Rising concerns about harmful content have driven YouTube to roll out an expanded supervisory feature for parents to monitor their teen’s activities on the platform. The new family centre hub will let parents and teens link their accounts, providing parents with insights into their teen’s activity on the channel, including uploads, subscriptions, and comments.
Kids need to be at least 13 years old to sign up for an account in the main YouTube app. Parents of younger kids can create profiles on YouTube Kids, but to use the regular YouTube app, you need to be at least a teenager.
Parents will be receiving an email notification for key events like video uploads and live streams, giving them better-supervising accessibility. The update will be focusing on teen teen users primarily, providing transparency for parents, to monitor their activity online, the update aims to keep teens at a distance from potentially radicalising and inappropriate content. The feature will roll out globally this week, offering parents additional resources.
In an official blog, the company said “Our products for youth, YouTube Kids and supervised experiences for pre-teens, reach more than 100 million active logged-in and logged-out viewers every month and the development of these products is guided by independent experts in child development, digital learning, and children’s media who hail from academic, nonprofit, and clinical backgrounds. In partnership with these experts and in accordance with our youth principles, we’ve created this new experience that respects teens’ autonomy by giving parents and teens mutual control and new resources that empower teens to become informed and responsible digital citizens. We’ll continue engaging with experts and parents as we expand and evolve this experience.”

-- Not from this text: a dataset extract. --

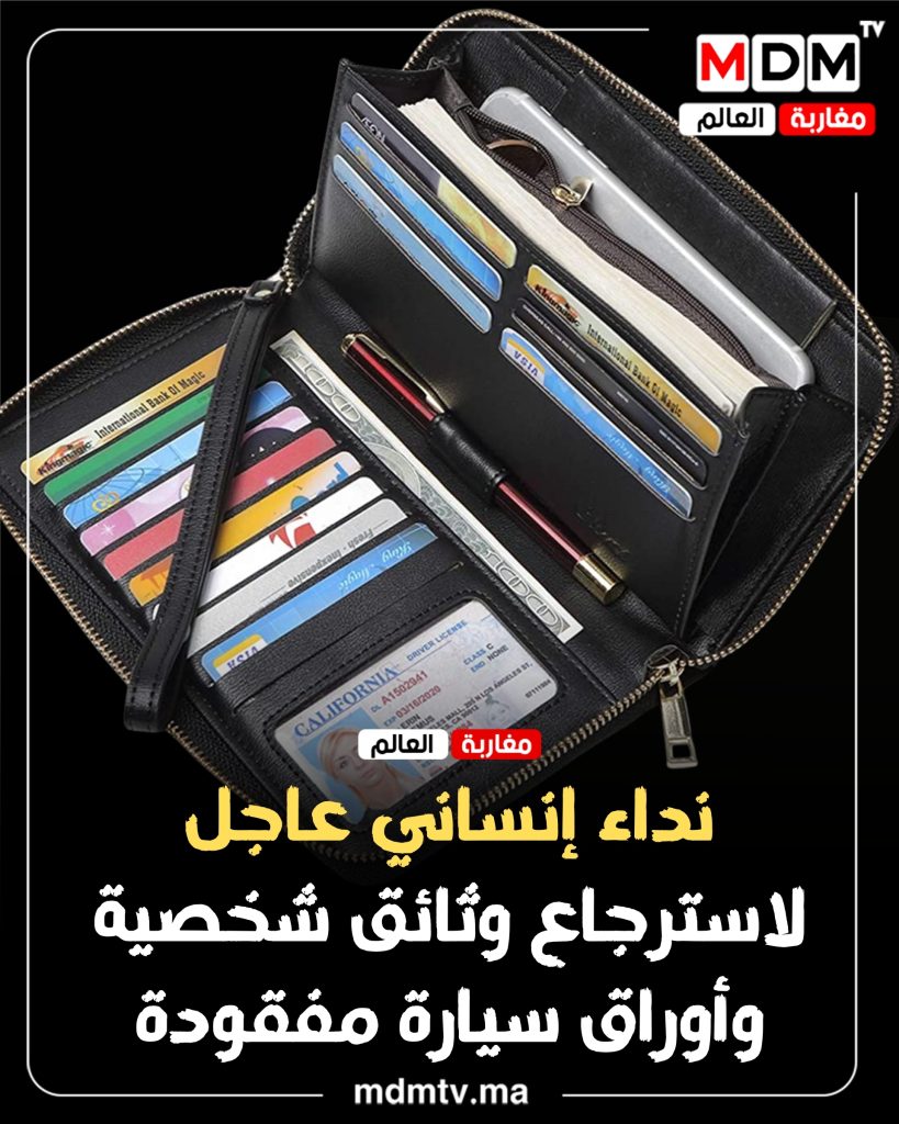 ووفق المعطيات المتوفرة، تضم الحقيبة المفقودة مجموعة من الوثائق الأساسية، من بينها البطاقة الوطنية للتعريف ورخصة السياقة باسم “يونس بل…”، إضافة إلى أوراق سيارة مسجلة باسم “محمد إكي…”. وتكتسي هذه الوثائق طابعاً ضرورياً في مختلف المعاملات الإدارية والحياتية اليومية، ما يجعل فقدانها مصدر قلق بالغ لصاحبها.

The blog also quotes Ellen Selkie, Assistant Professor of Pediatrics, University of Wisconsin-Madison who commented “It’s so important for teens to have space to make their own choices, express themselves, and explore their identity and values. It’s also important to have the wisdom of trusted adults in their lives if they need them. That’s why when I talk with teens and their parents about online activities, I encourage the idea of ‘trust but verify.’ YouTube’s supervised experience for teens holds these developmental principles by having teens and their parents share decisions about supervision with continued open, two-way communication.”